«Señores — dijo don Quijote —, vámonos poco a poco, pues ya en los nidos de antaño no hay pájaros hogaño. Yo fui loco y ya soy cuerdo; fui don Quijote de la Mancha y soy ahora, como he dicho, Alonso Quijano el Bueno…».

De esta suerte, según la narración de Cervantes del relato transcrito por Cide Hamete Benengeli, se expresó en su lecho de muerte don Quijote o, como él mismo se reconoce, ya vuelto en razón, Alonso Quijano; y acto seguido dispuso que el señor escribano prosiguiera atendiendo a sus disposiciones testamentarias, de las cuales la primera había sido en beneficio de Sancho, a quien tornándose a ver, además dijo:

«Perdóname, amigo, de la ocasión que te he dado de parecer loco como yo, haciéndote caer en el error en que yo he caído de que hubo y hay caballeros andantes en el mundo».

Por nada quisiera P. que tal pudiera ser, a su vez, el caso de su existencia: que pudiera servir de pretexto para pensar que hay ventaja alguna en desgastar la vida o recorrer el mundo persiguiendo quimeras; ya sea aferrándose a una representación inanimada, cualquiera pueda ser el noble material de que esté hecha, o reelaborando después los melancólicos recuerdos que se haya acumulado, o menos aún inventándose cada vez un espejismo nuevo; sino justamente lo contrario.

En el último capítulo de Don Quijote, es el propio autor quien escribe para concluir lo que Cide Hamete habría dicho a su pluma: «...no ha sido otro mi deseo que poner en aborrecimiento de los hombres las fingidas y disparatadas historias de los libros de caballerías, que por las de mi verdadero don Quijote van ya tropezando y han de caer del todo sin duda alguna». Tras lo cual Cervantes cierra la obra con tan solo un aserto: «Vale». De manera pues que no cabe duda: don Quijote recobra la razón y toda su historia no ha sido sino la de un loco, sin otro afán que el de que en adelante no los haya.

Salvo que, cuando se dirige a Sancho para disculparse, Quijano parece trocarse de nuevo en su personaje, como por lo demás el autor, ya sea Benengeli transcribiendo para Cervantes o éste atribuyendo aún a aquel su escrito, ha vuelto antes a llamarle: Quijote… O como la sin razón del Quijote había terminado antes por persuadir al mismísimo Sancho para ejercer el gobierno de su ínsula; o como, en fin, don Quijote ha pervivido en el ideario universal.

«Yo sé quién soy», nos ha dicho antes Don Quijote, «y sé que puedo ser no sólo los que he dicho, sino todos los Doce Pares de Francia, y aún todos los nueve de la Fama…». Que Don Quijote no sea sino Quijano, el Bueno, ¿no equivale acaso a decir que debiéramos despojarnos todos de lo mejor que tenemos, esto es, de las razones que nos mueven y a lo que aspiramos? ¿Será pues en realidad posible que el Quijote deje de serlo, el idealismo que Cervantes revistió con su figura no le es acaso inmanente, tiene algún sentido pretender que no haya sido lo que fue y ha seguido siendo?
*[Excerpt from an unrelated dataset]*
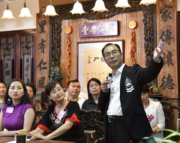 吴铭枝(右)在“兔爸学堂”向家长们分享家庭教育经验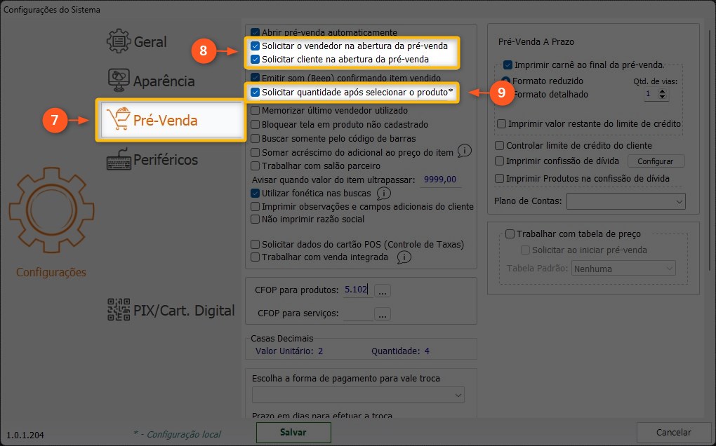 8 – Defina se você quer SOLICITAR O VENDEDOR OU CLIENTE NA ABERTURA DA PRÉ-VENDA.

Dicho de otra manera: no haber alcanzado antes lo que se quiso ¿quiere por ventura necesariamente decir que se ha vivido equivocado? O como retó Parra: ¿En qué quedamos entonces/ amigo Zerbantes/ hay o no hay caballeros andantes?

Llegado a este punto, lo mejor será decir: ahora sí, cae el TELÓN.

Ya no hay escena: el espectáculo no es sino quienes han sido sus espectadores.

No es tampoco que antes haya habido propiamente un escenario; es sólo que las verdaderas historias son las que puedan haberse suscitado en cada espectador.

Y las historias verdaderas no son disparatadas sino, todo lo más, acaso nuevas historias; las que pueden inventarse de nuevo para ser contadas, con lo que no importa cuánto de lo que se cuenta haya en verdad ocurrido, pues las historias inventadas pueden ser más ciertas que la realidad; y lo que es mejor, también la realidad tornarse en lo que se sueña.